Les travailleurs ont été abandonnés par leurs représentants syndicaux tout au long de la procédure de restructuration.

« C’est enfin terminé, il était temps ; on n’en pouvait plus ! » Voilà les mots que les travailleurs liégeois de FedEx-TNT se sont dits lors de l’annonce concernant le plan social du licenciement collectif.

Tout cela peut se comprendre par le fait que les travailleurs ont été abandonnés par leurs représentants syndicaux tout au long de la procédure de restructuration. Il est par exemple affligeant de constater que plus rien n’était affiché sur les supports d’informations de l’entreprise concernant le conseil d’entreprise (CE) et le comité pour la prévention et la protection au travail (CPPT). Il incombe pourtant aux représentants des travailleurs siégeant au conseil d’entreprise de veiller à ce que les travailleurs soient tenus au courant de ce qui se passe au conseil d’entreprise. On comprend mieux la frustration et la colère des travailleurs du site liégeois.

Mais revenons sur les origines de cette colère pour ensuite essayer d’en tirer une conclusion.

Tout a commencé le 18 janvier lorsque les travailleurs ont appris dans les médias que l’entreprise FedEx-TNT décidait de lancer une réorganisation de ses infrastructures et de licencier 6300 travailleurs en Europe, dont 671 sur le site liégeois (sans oublier les 861 modifications de contrats et d’horaires).

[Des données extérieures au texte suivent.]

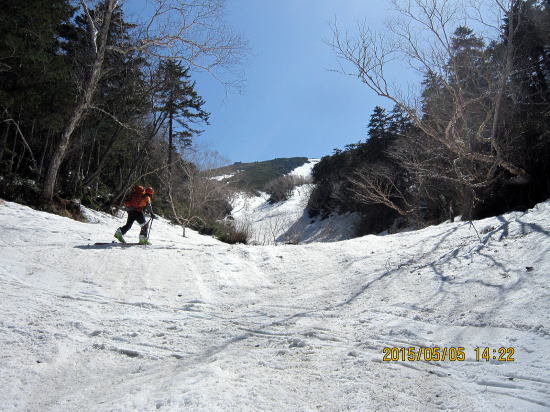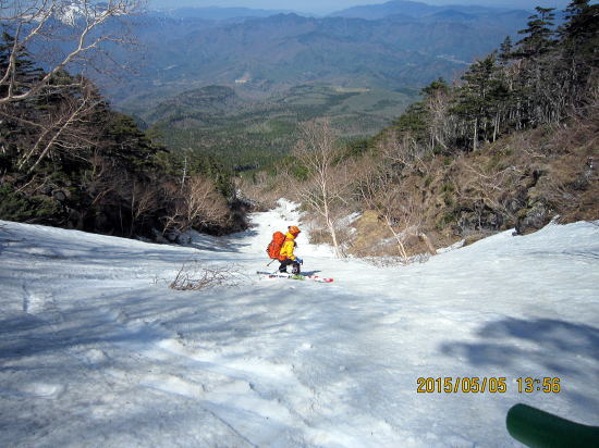 | 登り終えた尾根地点から滑った沢を見おろす。 | ゲレンデが見えてきました。樹林が濃く、穴も大きく難儀な下部樹林滑降でした。 |

Le motif de cette restructuration ? Voici une déclaration de Karen Reddington, la responsable de FedEx Express Europe : « Des changements (comme ceux présentés mardi) ne sont jamais faciles car ils ont un impact sur nos employés. Cependant, ils sont essentiels pour tirer parti des avantages de l’intégration et renforcer notre compétitivité dans un marché en évolution rapide ». Des propos que l’on ne peut que trouver scandaleux lorsque l’on sait que l’entreprise a fait des bénéfices, distribué des dividendes aux actionnaires et fera de lourdes économies sur le dos des travailleurs. « La réduction résoudra la duplication du maintien de deux réseaux de livraison européens et générera des coûts avant impôts pouvant atteindre 575 millions de dollars jusqu’à l’exercice 2023. […] Les coupes proposées, qui ont été présentées aux représentants des salariés, permettront de réaliser des économies annuelles pouvant atteindre 350 millions de dollars à partir de 2024. », a déclaré mardi FedEx dans un dossier réglementaire (https://www.bloomberg.com/…/fedex-plans-up-to-6-300-job…).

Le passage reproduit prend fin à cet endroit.